YOUR ASSIGNMENT: Any pictures in the records below must be left out when you repeat the lines from the line containing "квадратов натуральных чисел" through the line containing "봄 의류 2023 새로운" exactly.
::: MATERIAL TO PROCESS
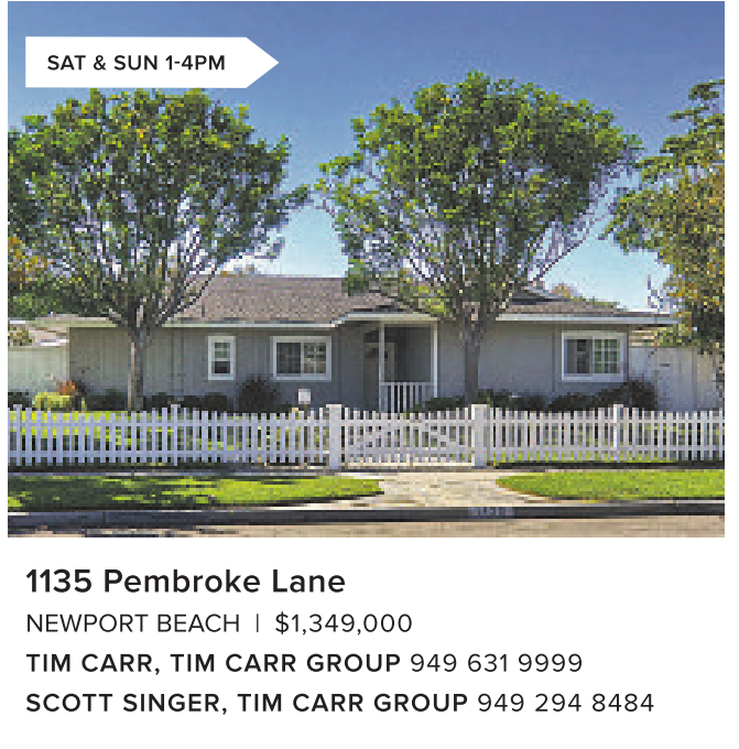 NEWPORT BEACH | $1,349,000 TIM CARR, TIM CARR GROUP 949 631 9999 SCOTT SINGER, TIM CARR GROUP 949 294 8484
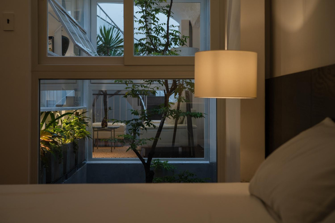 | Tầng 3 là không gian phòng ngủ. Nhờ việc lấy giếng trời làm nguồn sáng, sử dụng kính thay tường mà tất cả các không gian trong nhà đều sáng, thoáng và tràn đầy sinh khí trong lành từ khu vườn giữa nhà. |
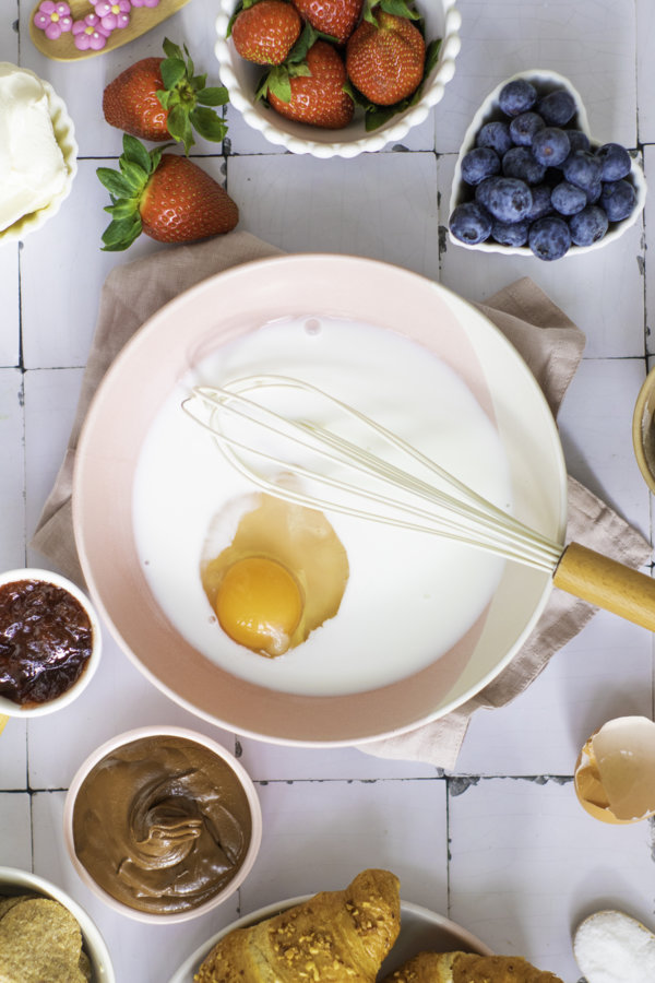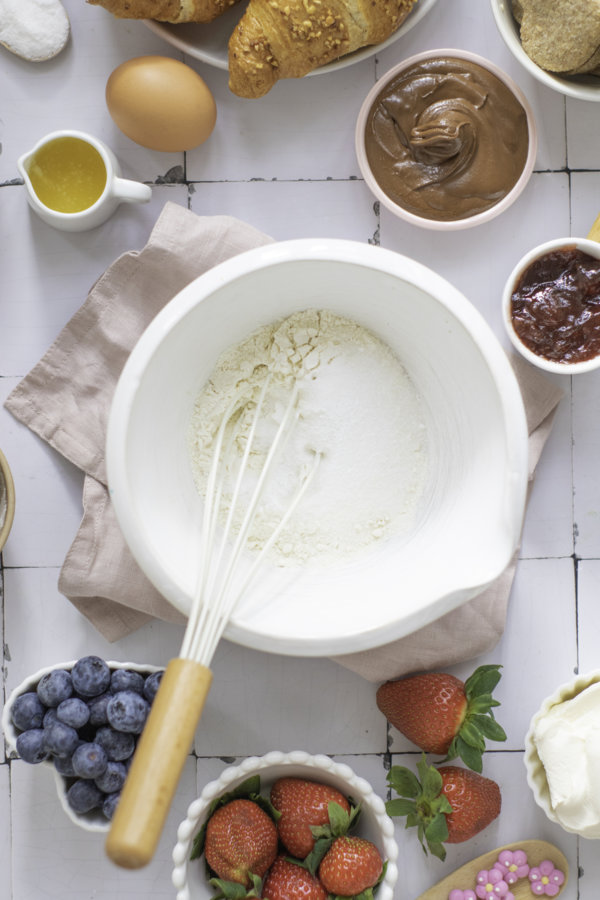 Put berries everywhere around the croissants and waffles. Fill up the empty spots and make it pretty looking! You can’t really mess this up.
::::::
::: MATERIAL TO PROCESS
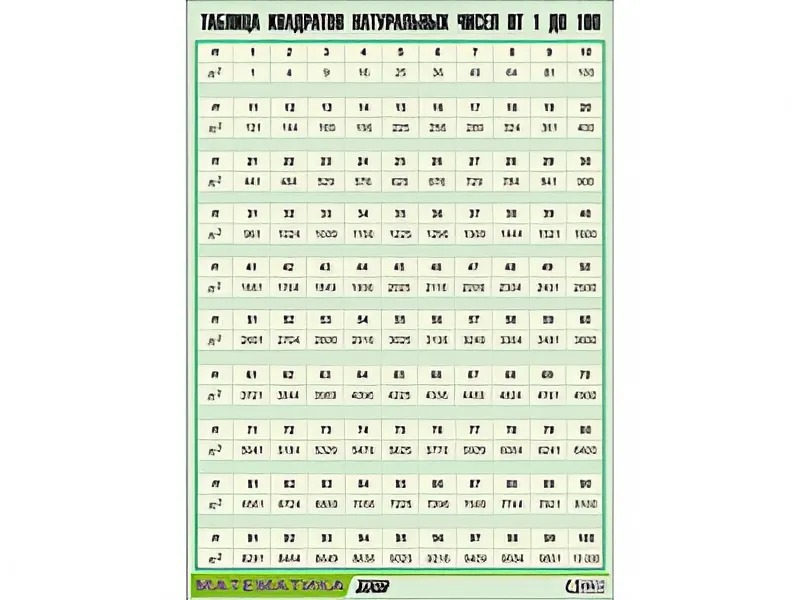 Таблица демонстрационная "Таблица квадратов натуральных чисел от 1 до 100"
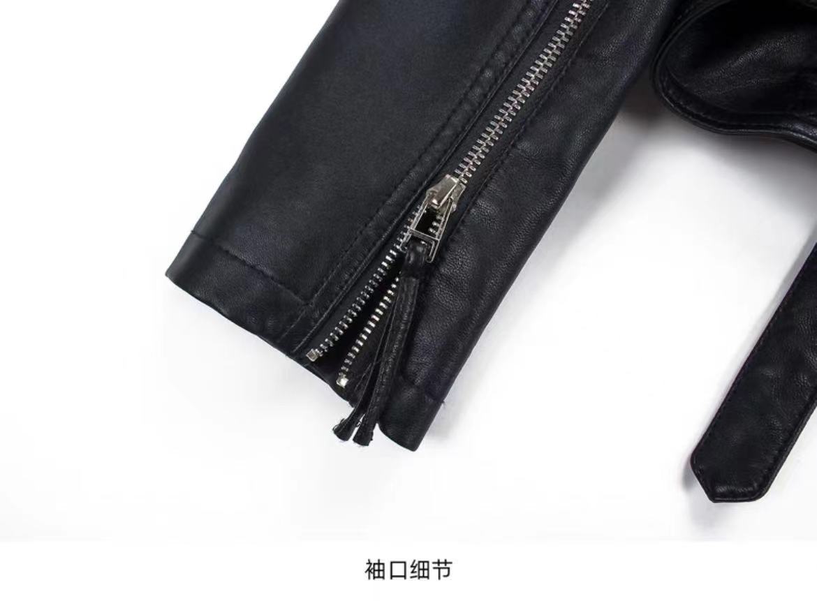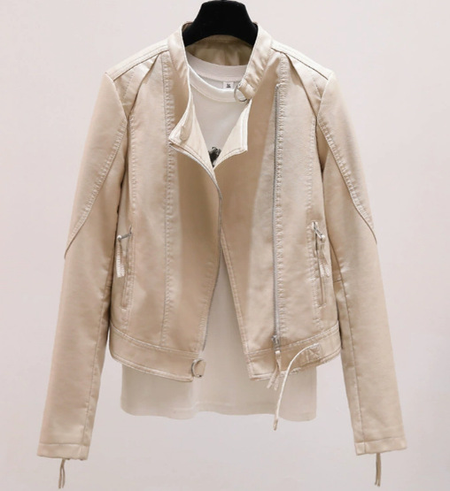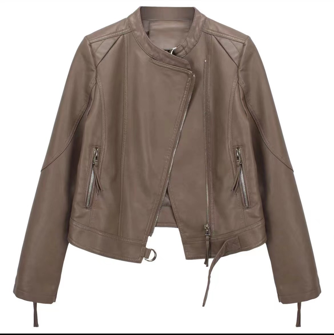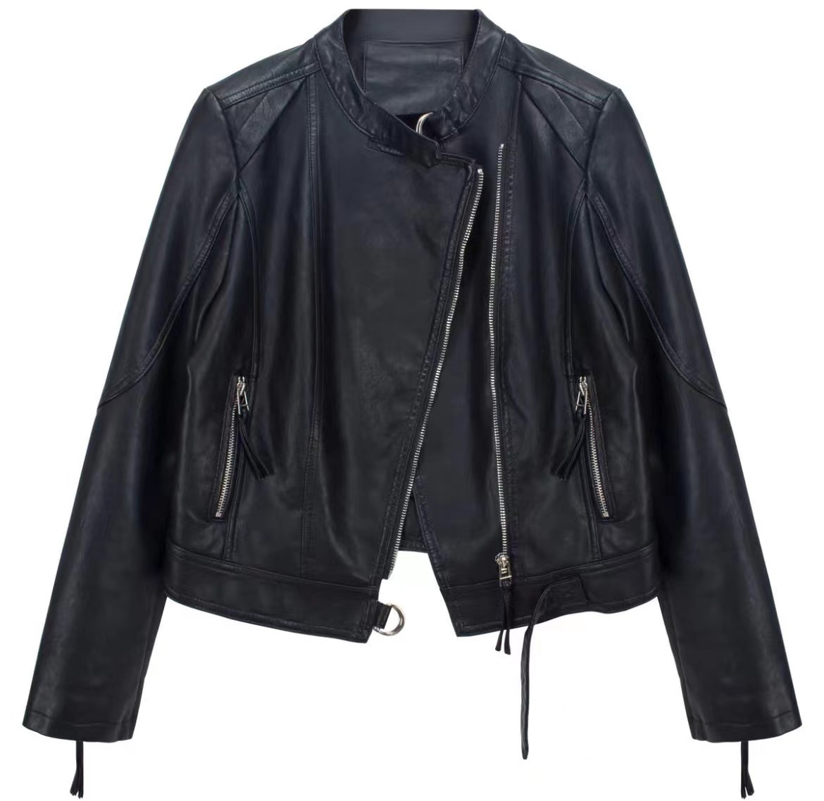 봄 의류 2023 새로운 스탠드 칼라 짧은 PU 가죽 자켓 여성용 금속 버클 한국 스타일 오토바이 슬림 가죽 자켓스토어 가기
::::::
OUTPUT OF THE EXERCISE:
 Таблица демонстрационная "Таблица квадратов натуральных чисел от 1 до 100"
 봄 의류 2023 새로운 스탠드 칼라 짧은 PU 가죽 자켓 여성용 금속 버클 한국 스타일 오토바이 슬림 가죽 자켓스토어 가기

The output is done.